Although this Court finds National Kidney Patients to reflect the better rule, i.e., that all Part B claims whether they be "amount" or "method" claims are now (post-1986 amendments) ab initio subject to exhaustion of administrative remedies before judicial review becomes available, even if this Court were to agree with the Oregon District Court's reasoning regarding the continued post-1986 availability of direct judicial review of Michigan Academy "method" challenges, such agreement would not mandate an alteration of the Court's disposition of this case.

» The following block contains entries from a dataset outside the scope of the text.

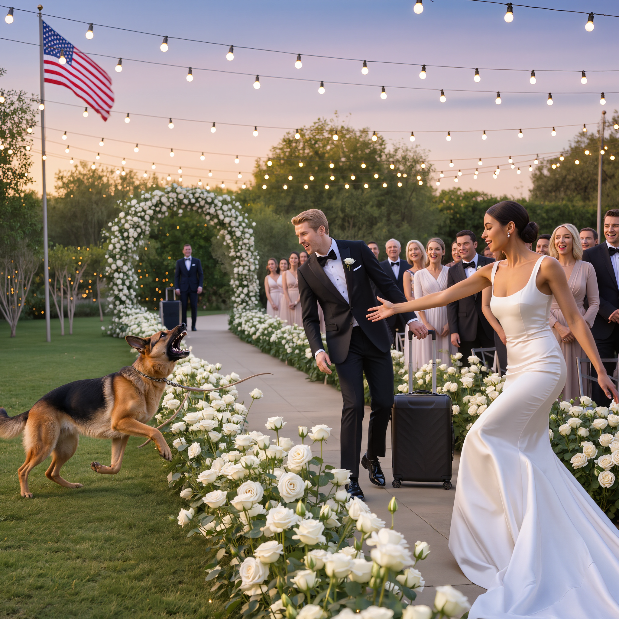 He came out of nowhere, a black-and-tan missile from the fringe of the tent where the florist’s assistant had tied him for “aesthetic reasons.” He hit the aisle at a full run, skidding on the slick runner, nails clicking, teeth bared in a way that every one of my trainer friends would tell you was not aggression, but conviction.
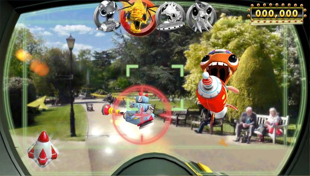 Bots Blast – This simple shooter uses a combination of the gyroscope and the NGP camera to create a cartoony shoot-em-up set in whatever location you’re actually in. Alternate reality! It drew a lot of comparisons to the 3DS game Face Raiders, which I guess isn’t so bad.
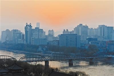 1月1日早晨的蘭州,百年中山橋巍峨矗立,水鳥翱翔在波光粼粼的黃河水面上,晨練的市民漫步黃河岸邊……
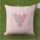 Ein Kissen im Freien, das mit einem aufgehenden rosa Phönix dekoriert ist, wobei die rosa Streifen mit Prägung konturiert wirken. Sauberes, komfortables Design. Bildcode: phnx
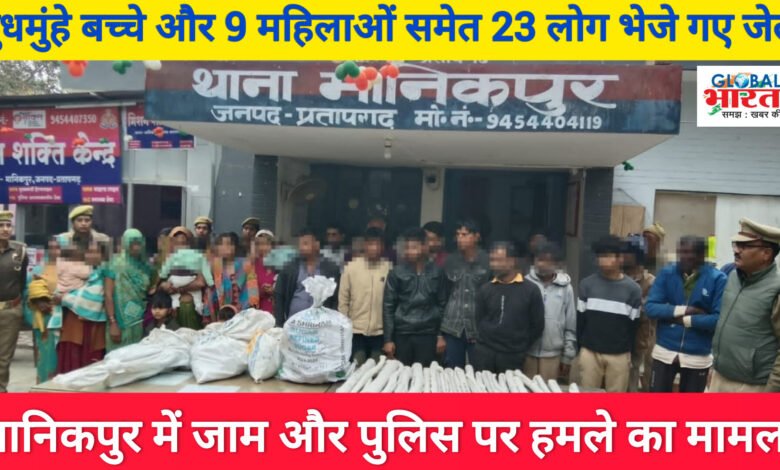 प्रतापगढ़, थाना मानिकपुर क्षेत्र में जहरीला पदार्थ खिला कर हत्या करने का आरोप लगाकर ग्रामीणों जिस तरह का आक्रोश जताया वो एक बड़े मामले को जन्म दे दिया, जिसमें आज 9 महिलाओं समेत 23 लोगों को जेल की हवा खानी पड़ गई। पुलिस का कहना है कि युवक की मौत के बाद परिजनों और ग्रामीणों द्वारा शव को लखनऊ-प्रयागराज राष्ट्रीय राजमार्ग पर रखकर आवागमन बाधित किया गया। पुलिस ने स्थिति को संभालने का शांतिपूर्ण प्रयास किया, लेकिन भीड़ ने उग्र होकर ईंट-पत्थर, लाठी-डंडों और लोहे की सरिया से पुलिस बल पर हमला कर दिया। सरकारी वाहन को भी क्षतिग्रस्त किया गया और इस हमले में कुछ पुलिसकर्मी घायल हो गए। पुलिस ने इस मामले में बड़ी कार्रवाई करते हुए 23 अभियुक्तों को गिरफ्तार किया है। अभियुक्तों के पास से 23 लकड़ी के डंडे, 2 लोहे की सरिया और 1 सीयूजी मोबाइल बरामद किया गया है।
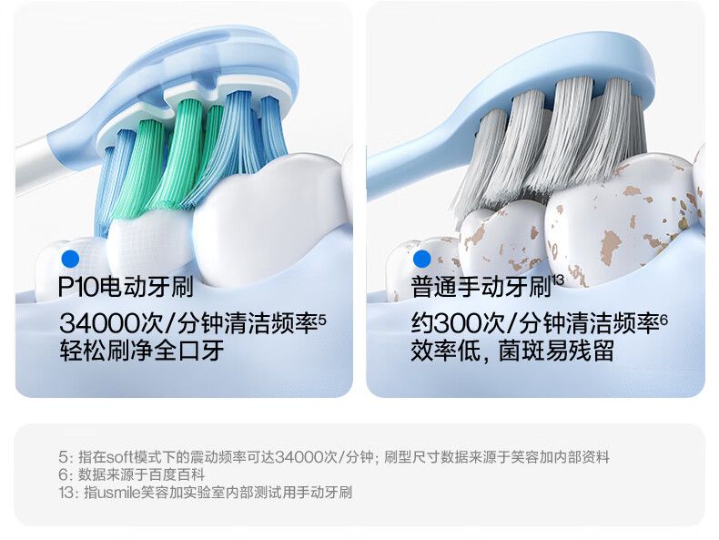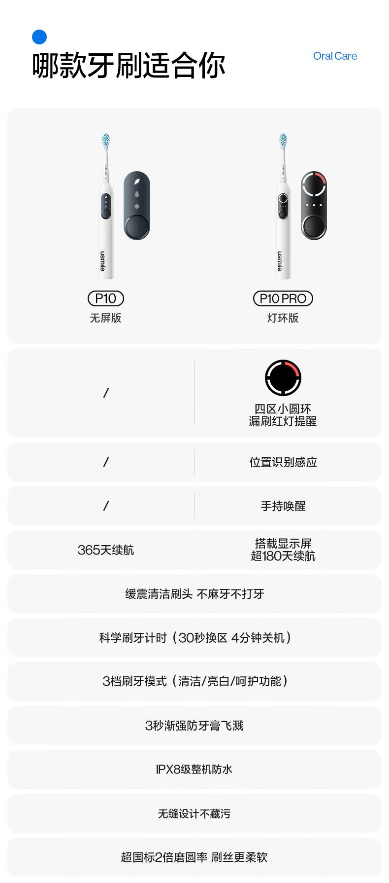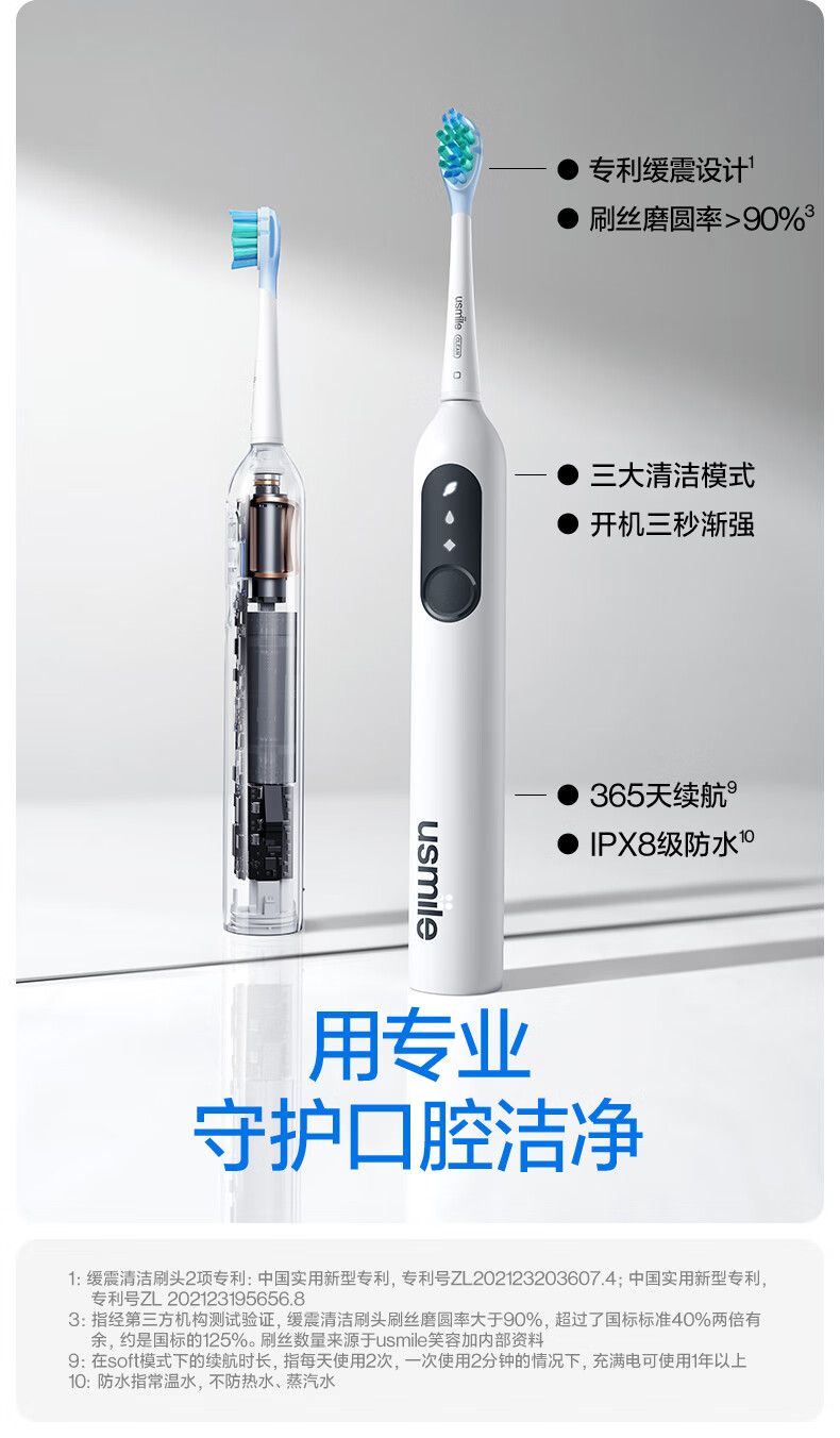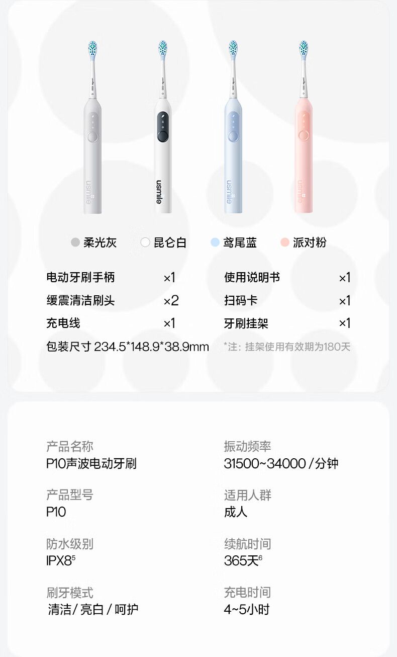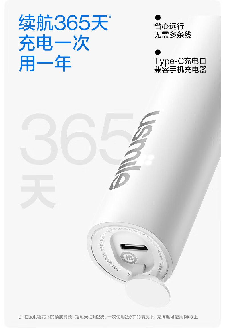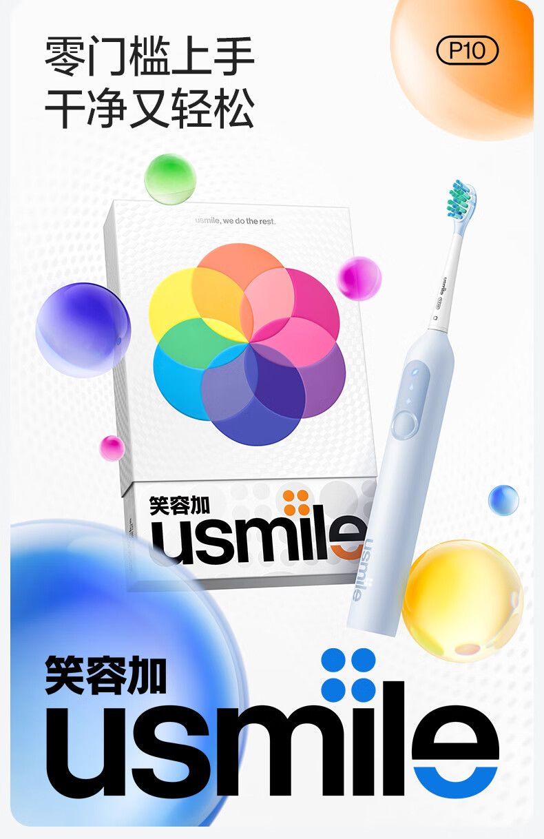 商品名称:usmile笑容加电动牙刷P10 成人情侣版软毛自动男女士通用声波震动充电式牙刷

In Pulmocare, the plaintiff was challenging the validity of a Medicare regulatory policy which the plaintiff claimed was implemented by the Secretary of HHS in violation of the procedural requirements established by the Medicare Act, the APA and the FOIA. As such, the Pulmocare challenge was precisely the type of challenge of the validity/legality of a directive, policy, rule, regulation or statute characterized by the Michigan Academy court as a "method" challenge. By contrast, as discussed supra in this Opinion and Order, this Court does not find that the decision to place Dr. Farkas on PPUR in this case implicates the kind of directive, policy or regulation that rises to the level of "method" engendering the due process considerations of Michigan Academy.
[12] Moreover, even assuming arguendo that Plaintiff were not entitled to administrative review of his placement on PPUR, this is not to say that Dr. Farkas will be left with no avenue of redress forever. Once he begins submitting claims under the PPUR, if those claims are denied, if the amount paid is less than what he believes is appropriate, or if the claims are not acted upon within a reasonable time, Dr. Farkas will be able to take advantage of the full array of administrative and judicial remedies set forth in the Act, assuming the amount in controversy requirements are satisfied.
Plaintiff, nonetheless, complains of the "legality" of his PPUR placement, simply on the ground that he will now have to submit documentation with his Medicare billings, and this documentation requirement is "time consuming", "burdensome" and "onerous". These very same arguments were raised by the plaintiff and rejected by the court in the Colorado Clinical Labs case, supra.
Moreover, in this case, in light of the fact that the Medicare Act and the regulations clearly and explicitly provide that payment shall not be issued unless the necessary information to determine the amount due has been provided, see 42 U.S.C. § 1395l(e) and 42 C.F.R. § 405.252(a), Plaintiff can hardly claim that BCBSM's PPUR documentation requirement is illegal. And, since Plaintiff is not being denied his right to challenge individual claims which are denied or on which he is paid less than what he expected, or which BCBSM does not process in a reasonably timely manner, the Court sees no due process implications, either.